The bill will take effect March 31, 2003.


Exemptions


Under the Code, insurers must file basic insurance policy forms and annuity contracts with the Commissioner of OFIS, who approves them for use based on criteria specified in the Code. Under the bill, the filing requirements for basic insurance policies and annuity contracts, and the rate standards for casualty insurance rates and fire and inland marine rates, will not apply to insurance that is sold to an exempt commercial policyholder and that contains a prominent disclaimer stating, "This policy is exempt from the filing requirements of section 2236 of the insurance code of 1956..." or words that are substantially similar. The bill defines "exempt commercial policyholder" as an insured that purchases the services for other than personal, family, or household purposes. In the case of rate standards for casualty insurance rates and fire and inland marine insurance rates, workers' compensation insurance is not subject to the exemption.


Absence of Competition


Under the bill, in the areas of both casualty insurance rates and fire and inland marine rates, the Commissioner may certify the absence of a reasonable degree of competition for a specified classification, type, or kind of insurance. Upon certification, the Commissioner may order that each insurer file for prior approval, subject to the provisions of Chapter 24 (Casualty Insurance Rates) and Chapter 26 (Fire and Inland Marine Rates) of the Code, any changes to its manuals of classification, manuals of rules and rates, and rating plans the insurer proposes to use for that specified classification, type, or kind of insurance. The order must state, in writing, the reasons for the Commissioner's decision to order the filing. The order will expire two years after the date of issuance. If such an order is in effect, rates to which it applies must be filed at least 30 days before their proposed effective date. The Commissioner's failure to act within 30 days after submittal will constitute approval.
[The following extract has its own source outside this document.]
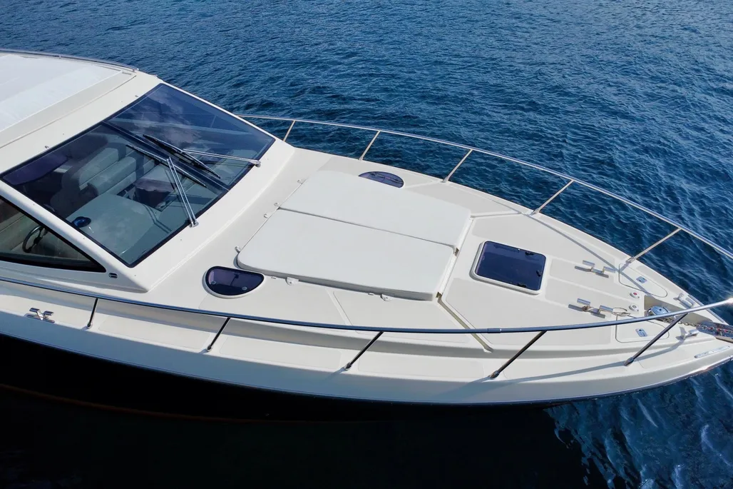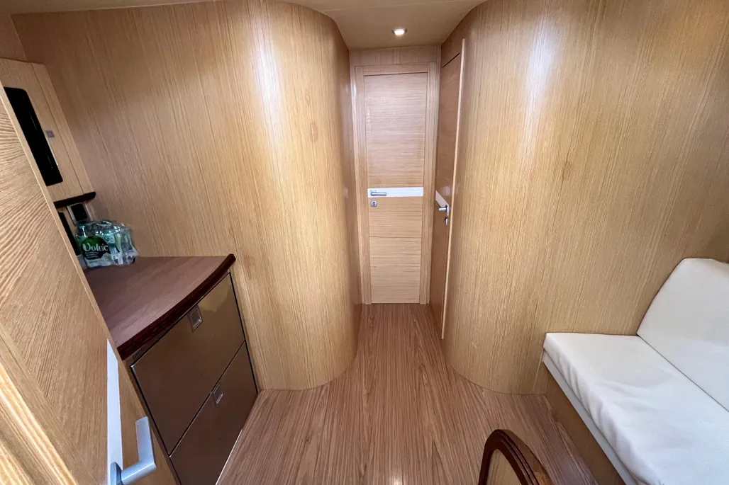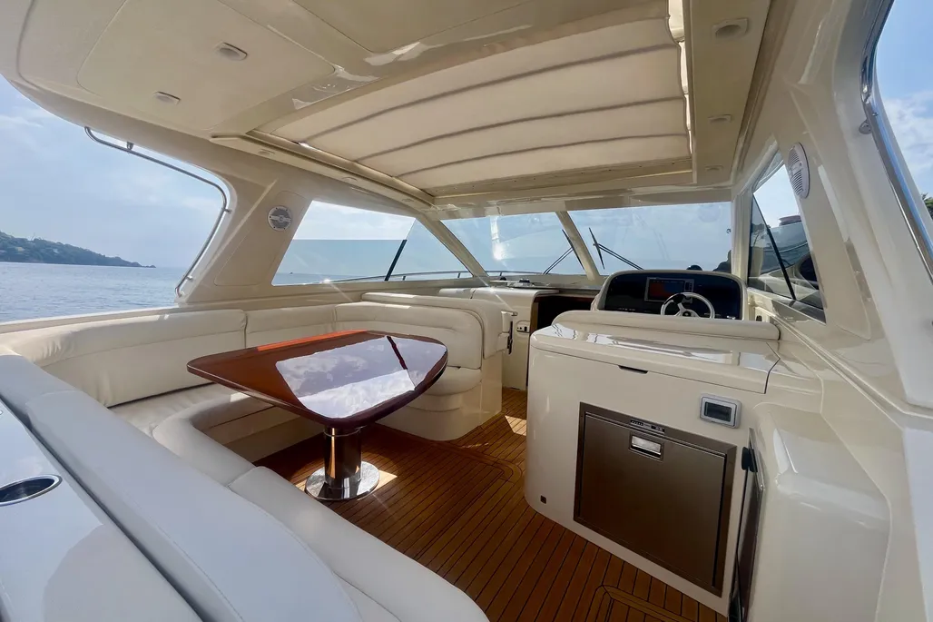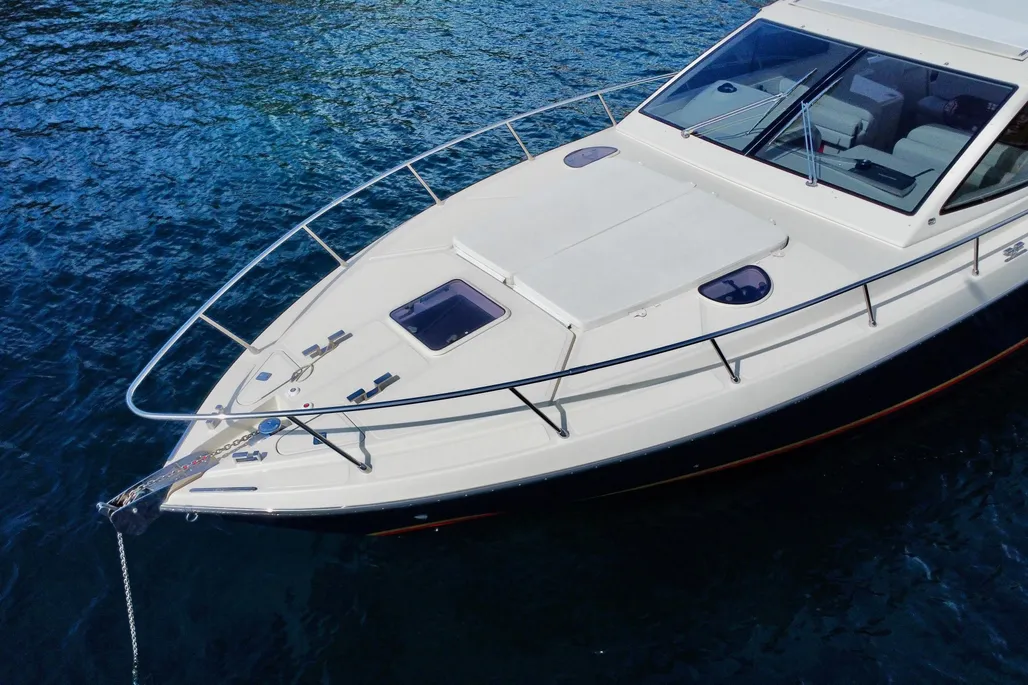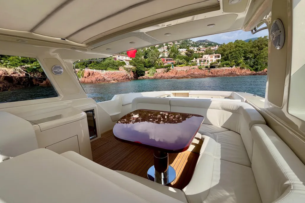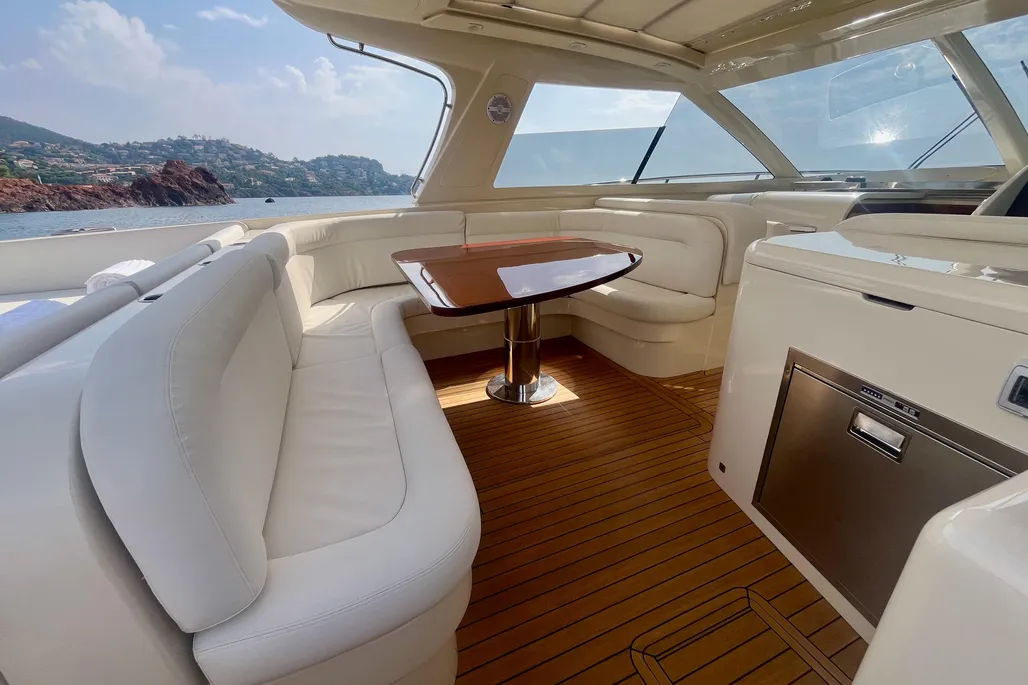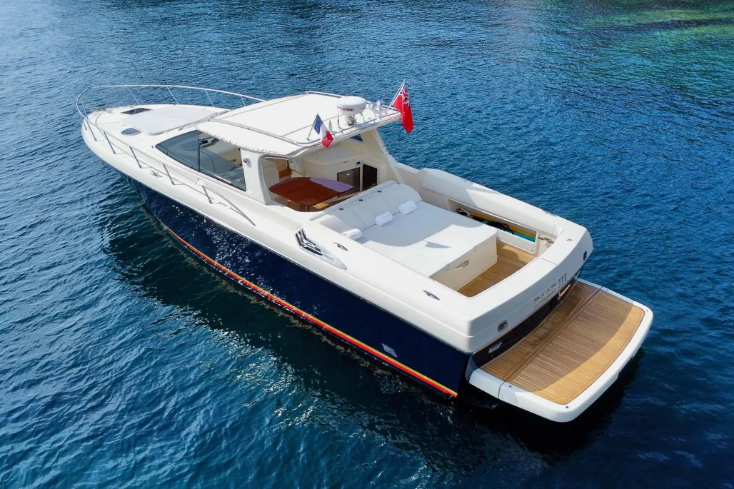 Powered by two 800 hp MANs (approx. 1285 hours), it offers smooth, safe sailing, with performance suited to both fast outings and days at anchor. On board, the spacious cockpit, elegant hard-top and wide aft platform create a convivial outdoor living space, perfectly designed for entertaining.

The bill specifies that a determination concerning the existence of a reasonable degree of competition must take into account a reasonable spectrum of relevant economic tests, including the number of insurers actively engaged in writing the insurance in question, the present availability of that insurance compared to the availability in comparable past periods, the underwriting return of that insurance over a reasonable period of time sufficient to assure reliability in relation to the risk associated with that insurance, and the difficulty encountered by new insurers entering the market in order to compete for the writing of that insurance.


Commissioner as Agent


The bill specifies that every insurance company not organized under State statute that provides a surety bond required or permitted under the laws of the United States must irrevocably appoint the Commissioner (or his or her designee) as the company's agent to receive service of process in any action in U.S. District Court on the surety bond. The bill provides that service upon the Commissioner is service upon the company, and the Commissioner may establish a reasonable fee, payable at the time of service, for the acceptance of service. Upon receiving service of process, the Commissioner must forward the service of process to the resident agent designated by the company and required under the Code. The bill states that service of process on the Commissioner only applies for a bond provided within this State, and is in addition to and not in place of any other method of service authorized by law or court rule.


MCL 500.456 et al.


- Legislative Analyst: Claire Layman


FISCAL IMPACT


The bill will have an indeterminate fiscal impact on State or local government. There is no information regarding the yet-to-be determined amount of the Commissioner's fee for service of process, nor is there information estimating the number of companies that will be subject to this fee.


- Fiscal Analyst: Maria TyszkiewiczS0102\s1213es

This analysis was prepared by nonpartisan Senate staff for use by the Senate in its deliberations and does not constitute an official statement of legislative intent.